A hero in more ways than one

Dallas K Taylor with with June and son Mark in front of the Ocean Sapphire.
Dallas K Taylor with with June and son Mark in front of the Ocean Sapphire.

TRIBUTES have been paid to a well known lifeboatman who was not only a hero to the dozens of people’s lives he saved but to his family too.

Dallas K Taylor dedicated his life to the sea and spent years serving with Blyth RNLI, helping save 65 people during his time with the organisation.

But in August last year, at the age of 70, he was diagnosed with Motor Neurone Disease, and the illness finally took his life last week.

His funeral was held on Tuesday in Whitley Bay on what would have been his 71st birthday.

Tributes have been pouring in for the husband, father and grandfather who was not only famous for his work at sea, but for his love of art and music.

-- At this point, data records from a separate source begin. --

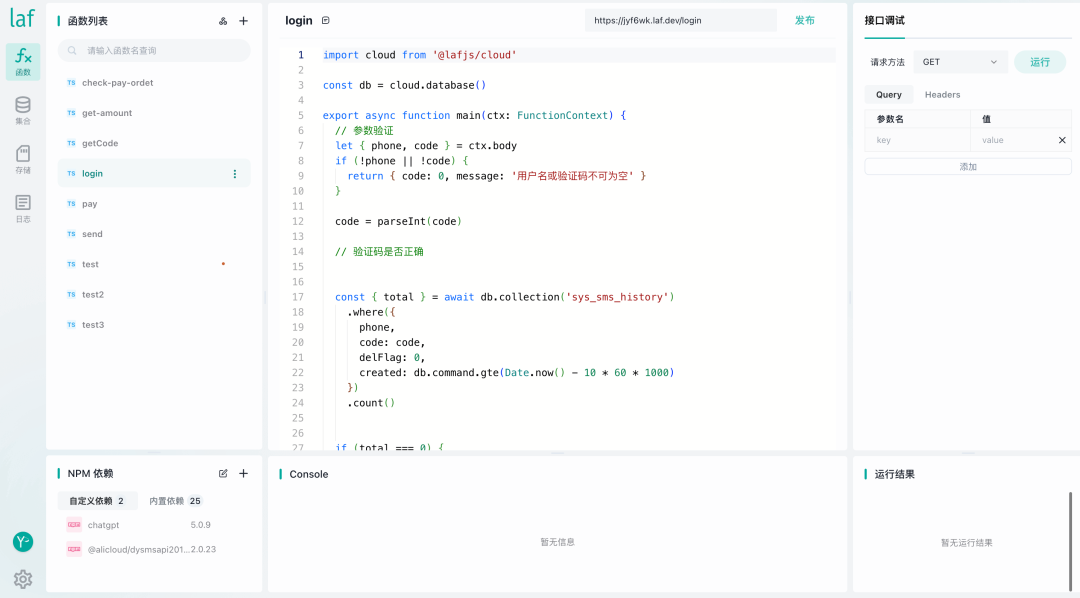 laf 是一个开源的云开发平台,提供了云函数、云数据库和云存储等现成的应用资源。它允许开发者专注于业务开发而无需关心服务器配置,从而快速释放创造力。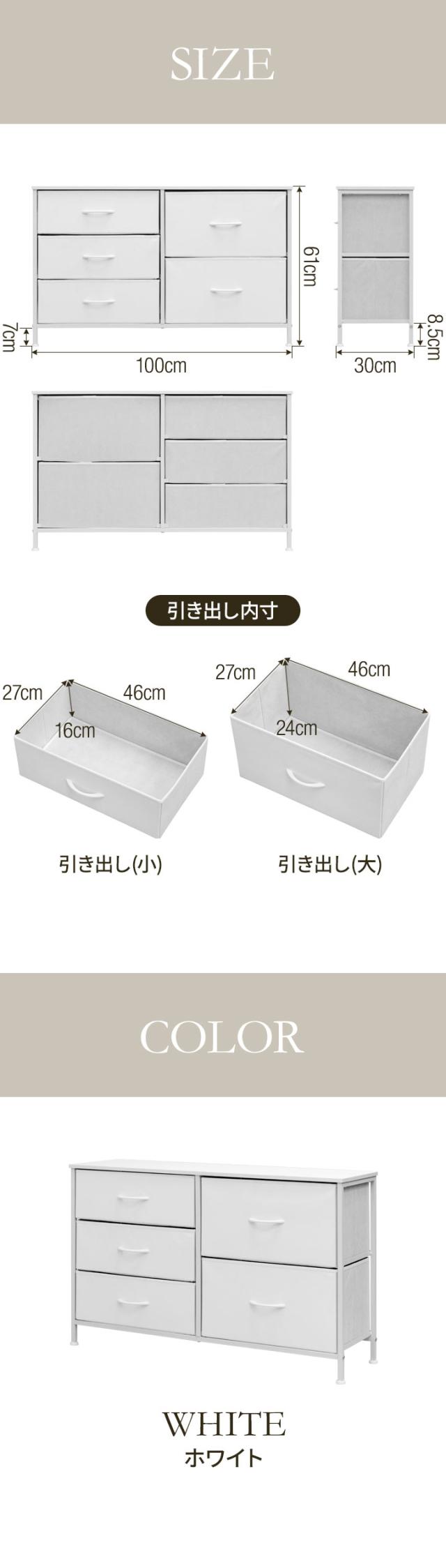 | サイズ: 本体:(約)幅100cm×奥行30cm×高さ61cm 引き出し(大)内寸:(約)幅46cm×奥行27cm×高さ24cm 引き出し(小)内寸:(約)幅46cm×奥行27cm×高さ16cm ※アジャスター:+1cm程度で微調整可能 |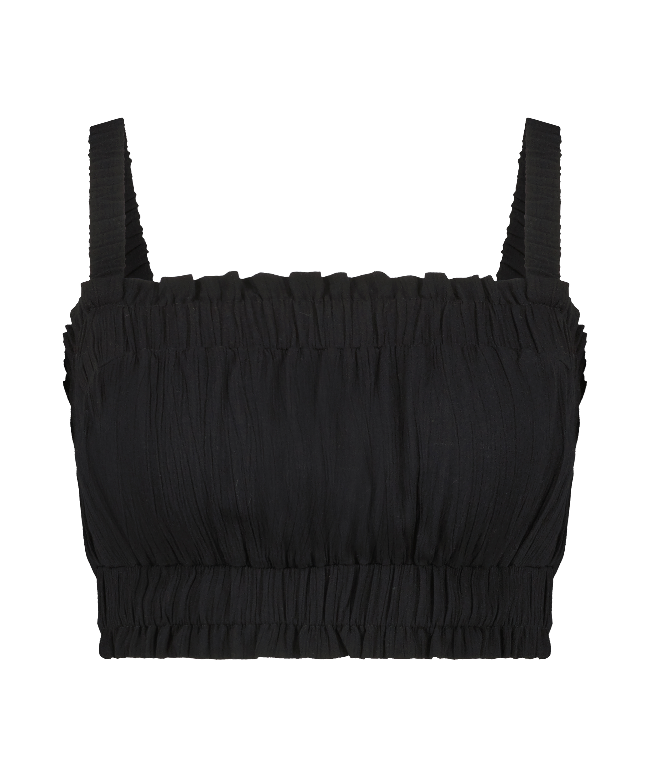 Este crop top es perfecto para lucir un conjunto de verano ideal. Es bonito y vaporoso, tiene un efecto fruncido y tirantes finos y anchos. Combínalo con un bonito pantalón.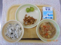 牛乳 わかめごはん 豆かりんとう じゃがいものみそバター煮 果物(シャインマスカ...
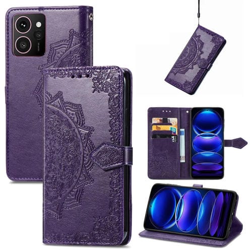 Funda de Cuero con Relieve Flor de Mandala para Teléfono HMD Skyline (Morado)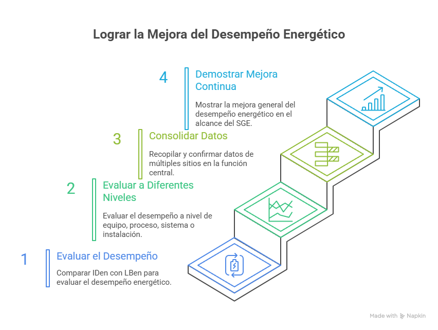 La mejora del desempeño energético se demuestra al evaluar el valor del Indicador de Desempeño Energético IDen en comparación con la línea base energética (LBen) correspondiente. Esto es crucial cuando el consumo absoluto de energía puede verse afectado por factores externos (variables relevantes), pero la eficiencia subyacente del proceso ha mejorado.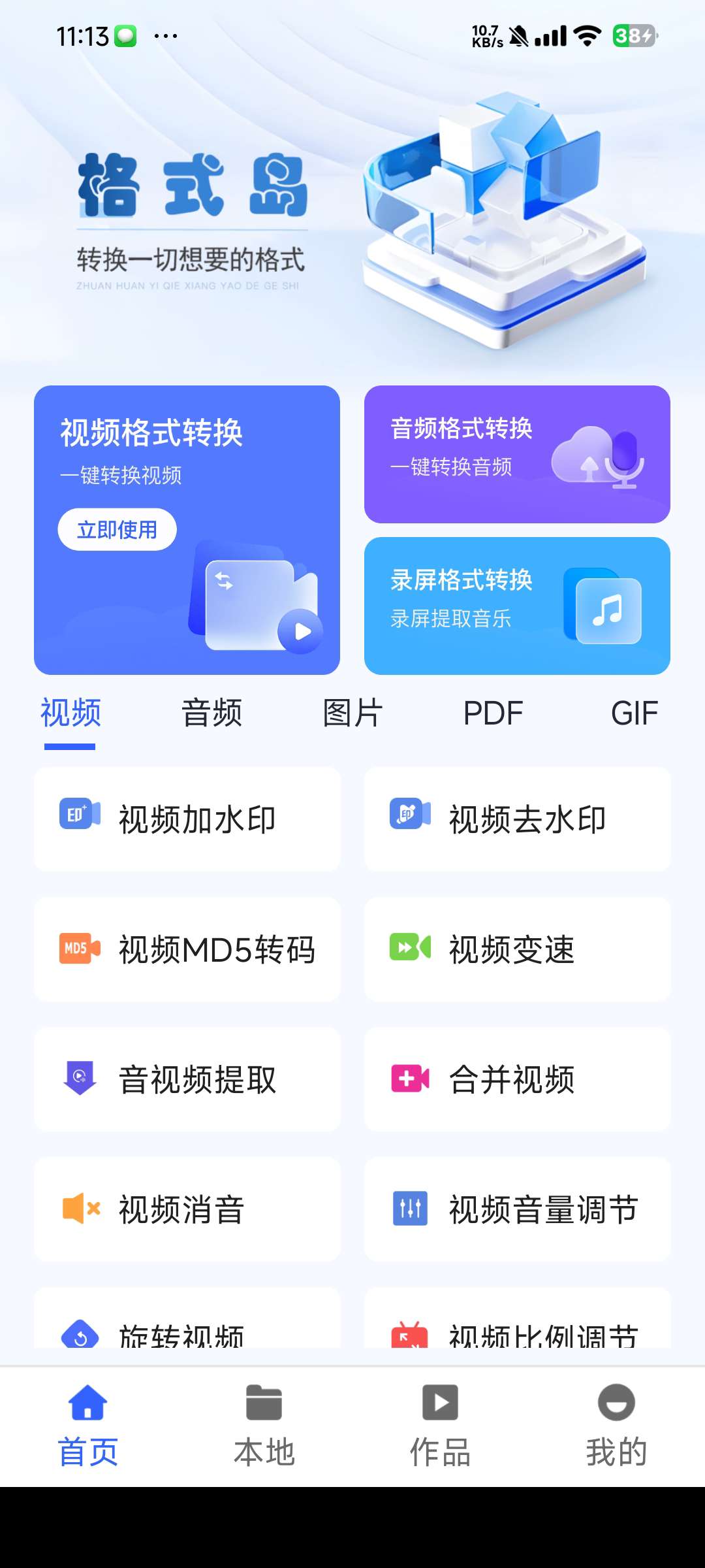 【应用简介】格式岛app可以在这里转换一切你想要的格式,不管是音频,视频,文档,图片等格式,都能在这里支持转换,不必在担心不能通用了,还有一些其他的功能也能操作 并且支持短视频去水印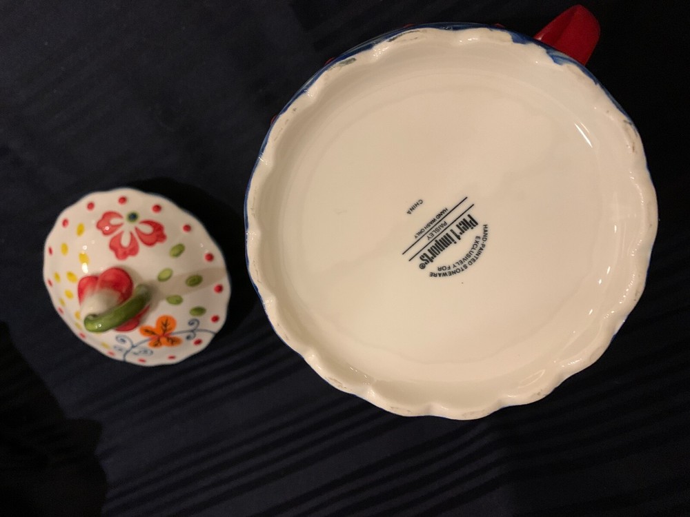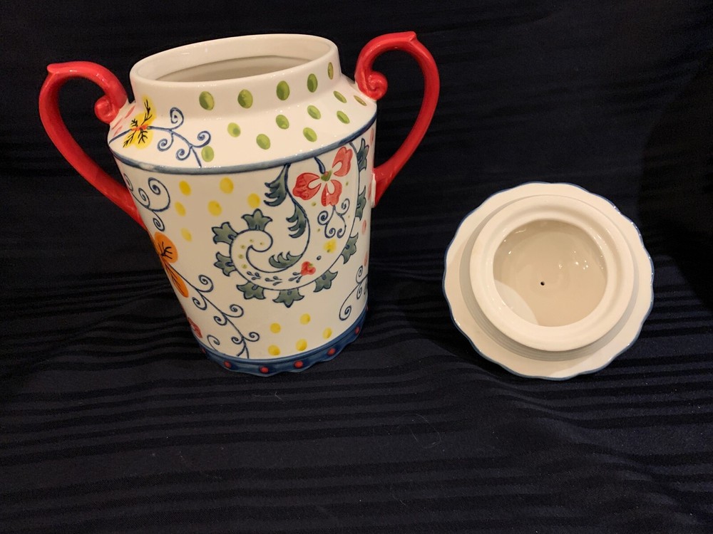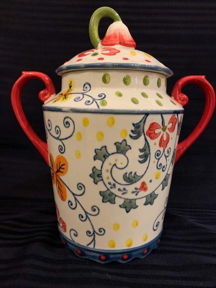 A colorful floral paisley 10" Pier 1 canister in a very vibrant multi- color scheme, the top handle is in the shape of an inside down flower, a retired piece....

His son Mark, 31, who resigned from his job at Newcastle College to care for his father when he was diagnosed with the illness, heaped praise on the man he looked up to.

“It was the most traumatic thing but at the same time the greatest honour to look after him and the easiest decision to make,” he said.

In a twist of fate it was during Dallas’ love of rebuilding boats that he discovered something was not quite right.

The father and son had travelled to Scotland together and bought a boat that Dallas had wanted for a while with the view of refurbishing it.

And when Dallas was cutting up the boat he felt a strain in his shoulder, which turned out to be the first symptoms of the illness.

After 40 years of service the 70-year-old was recognised for his dedication with a bronze award at the RNLI 2010 awards in June, having already been given two vellums for his bravery in previous years.

In tribute to his father, Mark continued to refurbish the boat bought last year, and in one of the last outings Dallas was taken down to the harbour to see Ocean Sapphire launched.

And inside the vessel a plaque has been installed dedicating it to Dallas.

Mark added: “I continued to refit the boat and that was launched three weeks before he died, it was like a living memorial for him as so many of his friends and family attended the event.

“We managed to get down on to the pontoon and he touched the boat, which he never really thought he would be able to do.”

At his funeral on Tuesday it was a chance for loved ones to celebrate his life as his coffin was draped in the RNLI flag with a white cap placed on top.

Mark’s sister Isobel Johnson added: “We have all had to pull together because dad was so important to us.

“There will be a part missing now because he touched everybody’s heart, he was just a very kind, genuine man.”